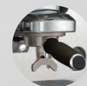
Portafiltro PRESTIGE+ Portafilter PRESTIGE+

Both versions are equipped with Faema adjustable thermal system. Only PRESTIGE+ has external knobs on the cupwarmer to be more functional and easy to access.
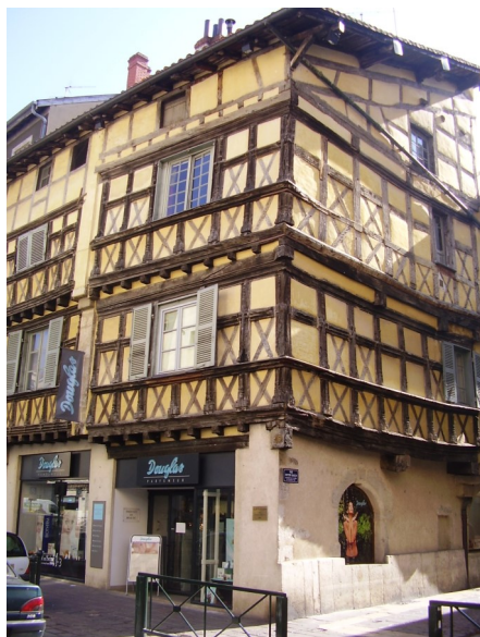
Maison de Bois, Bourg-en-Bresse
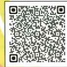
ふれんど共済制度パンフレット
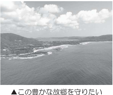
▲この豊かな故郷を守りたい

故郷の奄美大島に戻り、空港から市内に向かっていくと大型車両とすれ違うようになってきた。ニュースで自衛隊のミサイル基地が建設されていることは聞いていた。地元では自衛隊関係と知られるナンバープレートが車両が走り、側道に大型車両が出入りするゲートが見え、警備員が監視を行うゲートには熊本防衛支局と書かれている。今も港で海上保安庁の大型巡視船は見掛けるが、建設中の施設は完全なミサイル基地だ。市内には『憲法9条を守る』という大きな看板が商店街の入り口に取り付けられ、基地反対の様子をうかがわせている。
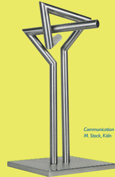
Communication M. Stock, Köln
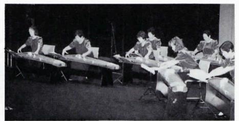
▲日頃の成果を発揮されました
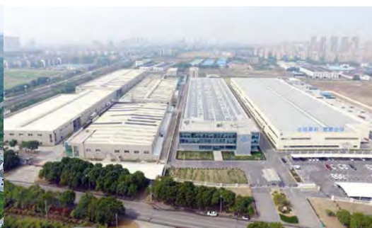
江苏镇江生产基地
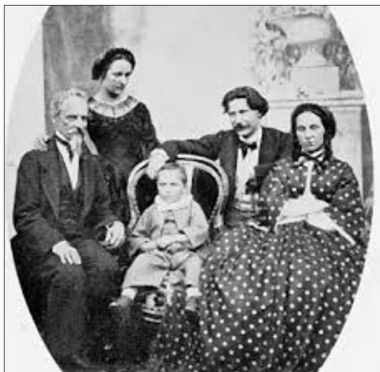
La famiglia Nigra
+---+
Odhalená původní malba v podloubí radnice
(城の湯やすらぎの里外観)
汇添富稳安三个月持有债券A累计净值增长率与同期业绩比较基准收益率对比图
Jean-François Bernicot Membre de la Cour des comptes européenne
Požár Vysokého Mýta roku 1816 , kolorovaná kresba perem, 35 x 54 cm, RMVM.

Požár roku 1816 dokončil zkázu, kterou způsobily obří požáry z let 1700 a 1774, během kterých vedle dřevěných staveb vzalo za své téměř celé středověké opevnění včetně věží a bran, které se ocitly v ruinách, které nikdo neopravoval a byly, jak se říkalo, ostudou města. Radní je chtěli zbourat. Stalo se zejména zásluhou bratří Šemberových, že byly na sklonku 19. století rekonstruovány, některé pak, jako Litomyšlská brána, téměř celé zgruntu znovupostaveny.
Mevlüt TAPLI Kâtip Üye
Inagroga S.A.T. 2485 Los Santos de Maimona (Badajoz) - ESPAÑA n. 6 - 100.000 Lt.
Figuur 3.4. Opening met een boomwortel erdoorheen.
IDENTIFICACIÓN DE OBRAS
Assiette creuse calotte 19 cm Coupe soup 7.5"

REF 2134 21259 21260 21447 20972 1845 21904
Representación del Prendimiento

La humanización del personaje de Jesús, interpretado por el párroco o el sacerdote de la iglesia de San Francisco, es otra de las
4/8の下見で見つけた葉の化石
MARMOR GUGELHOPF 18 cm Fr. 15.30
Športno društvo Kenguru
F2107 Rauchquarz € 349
+---+
**Work request:**
Among the entries above, the line containing "La humanización del", the line containing "F2107 Rauchquarz € 349", and all lines between them are to be restated word for word; nothing else belongs in the reply.

**Expected output:**
La humanización del personaje de Jesús, interpretado por el párroco o el sacerdote de la iglesia de San Francisco, es otra de las
4/8の下見で見つけた葉の化石
MARMOR GUGELHOPF 18 cm Fr. 15.30
Športno društvo Kenguru
F2107 Rauchquarz € 349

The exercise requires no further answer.